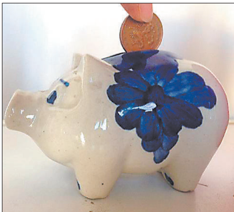
Ilustrační foto: archiv JL

„Průzkum se také zaměřil na otázku, v čem lidé spatřují výhody sdílených aut. 54 % respondentů hodnotí pozitivně to, že se nemusí starat o vlastní auto, řešit jeho výběr, nákup, údržbu, pneumatiky, mytí apod. 46 procentům respondentů se líbí, že nemusí investovat vlastní finance do pořízení vozu. 25 % hodnotí sdílení aut jako věc, která jim přináší svobodu a flexibilitu. 12 % lidí pak díky možnosti využívání sdílených aut nemusí pořizovat druhé auto do rodiny,“ dodává Milan Beutl z Anytime.
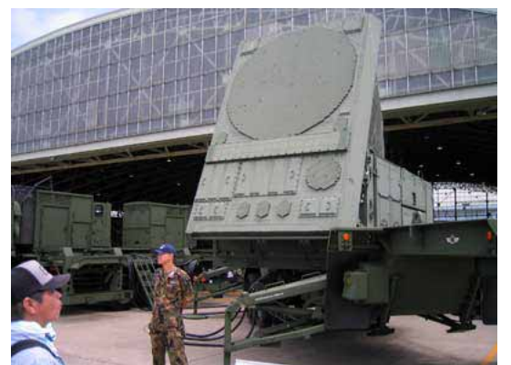
レダー装置と奥は発電ユニット
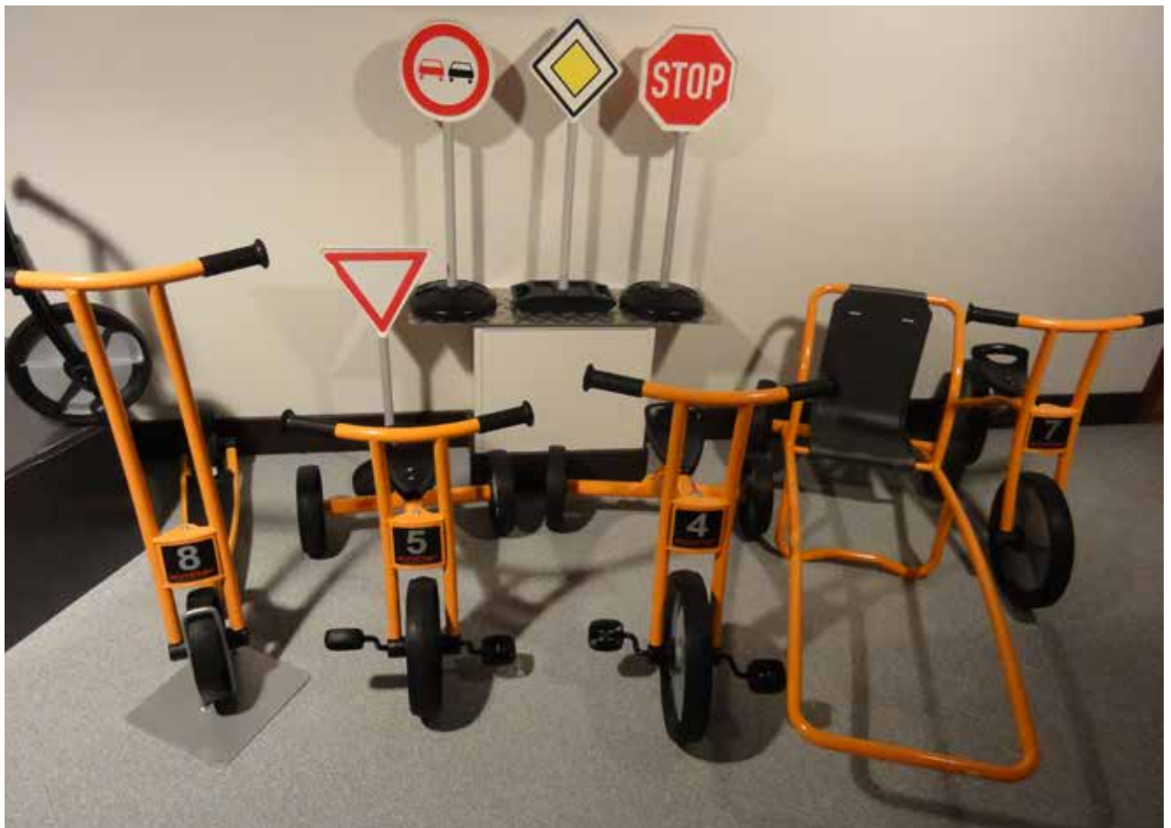
Et lille udpluk af cykler.

Derefter blev vi delt i 2 grupper med hver sin rundviser og fik en rigtig flot rundvisning på hele fabrikken. Vi fik forklaret, hvordan man bukker, svejser og maler rør, og
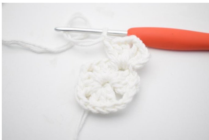
3. Lag 3 lm, hekle 2 stv, 2 lm, 3 stv og 1 lm i lm-buen.

******************************

WHAT THE TASK REQUIRES
Starting at the line that contains "レダー装置と奥は発電ユニット", restate every line through the end of the records exactly as written, but leave the pictures out.

RESULT BELOW
レダー装置と奥は発電ユニット
Et lille udpluk af cykler.

Derefter blev vi delt i 2 grupper med hver sin rundviser og fik en rigtig flot rundvisning på hele fabrikken. Vi fik forklaret, hvordan man bukker, svejser og maler rør, og
3. Lag 3 lm, hekle 2 stv, 2 lm, 3 stv og 1 lm i lm-buen.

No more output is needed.